● **EXERCISE DIRECTIONS**: Beginning with the line below that contains "It was a bittersweet" and ending with the line that contains "Un camion-citerne qui", retype every line exactly. Pictures are not copied.

● **SOURCE INFORMATION**:
◆ ◆ ◆ ◆ ◆ ◆ ◆

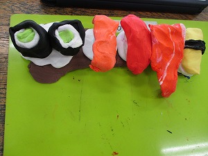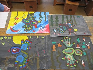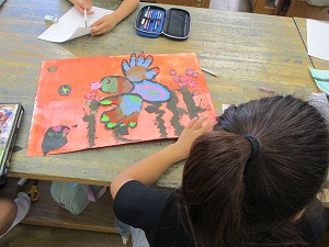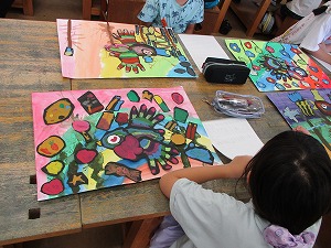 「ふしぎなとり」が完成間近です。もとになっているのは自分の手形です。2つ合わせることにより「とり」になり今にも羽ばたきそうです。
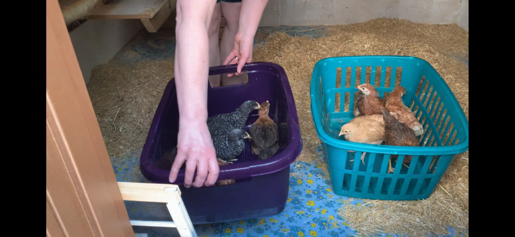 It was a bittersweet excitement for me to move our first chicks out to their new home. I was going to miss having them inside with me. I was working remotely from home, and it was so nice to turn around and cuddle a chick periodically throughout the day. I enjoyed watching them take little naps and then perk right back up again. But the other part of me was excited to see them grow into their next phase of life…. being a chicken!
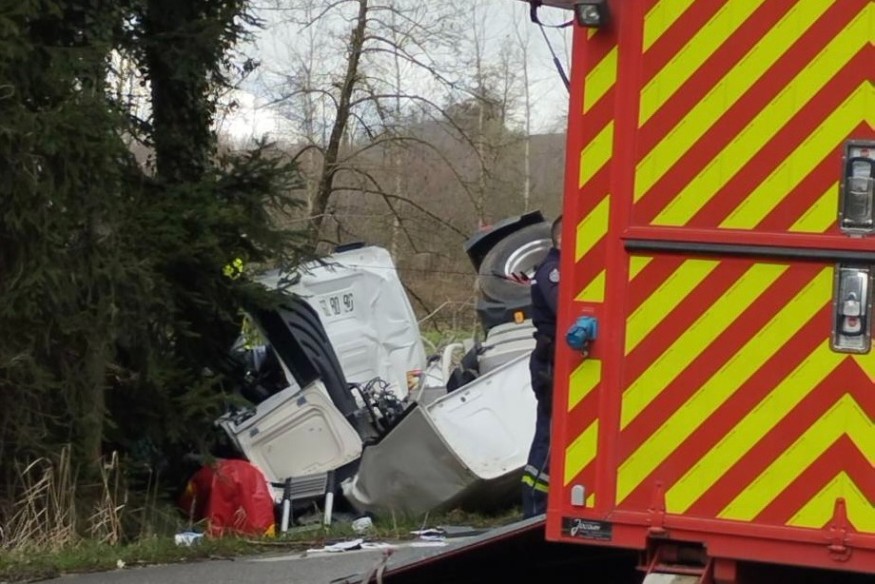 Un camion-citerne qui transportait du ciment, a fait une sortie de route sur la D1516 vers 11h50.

◆ ◆ ◆ ◆ ◆ ◆ ◆

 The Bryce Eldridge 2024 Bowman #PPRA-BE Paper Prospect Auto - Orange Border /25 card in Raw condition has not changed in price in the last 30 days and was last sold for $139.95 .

◆ ◆ ◆ ◆ ◆ ◆ ◆

● **SOLUTION TO THE PROBLEM**:
 It was a bittersweet excitement for me to move our first chicks out to their new home. I was going to miss having them inside with me. I was working remotely from home, and it was so nice to turn around and cuddle a chick periodically throughout the day. I enjoyed watching them take little naps and then perk right back up again. But the other part of me was excited to see them grow into their next phase of life…. being a chicken!
 Un camion-citerne qui transportait du ciment, a fait une sortie de route sur la D1516 vers 11h50.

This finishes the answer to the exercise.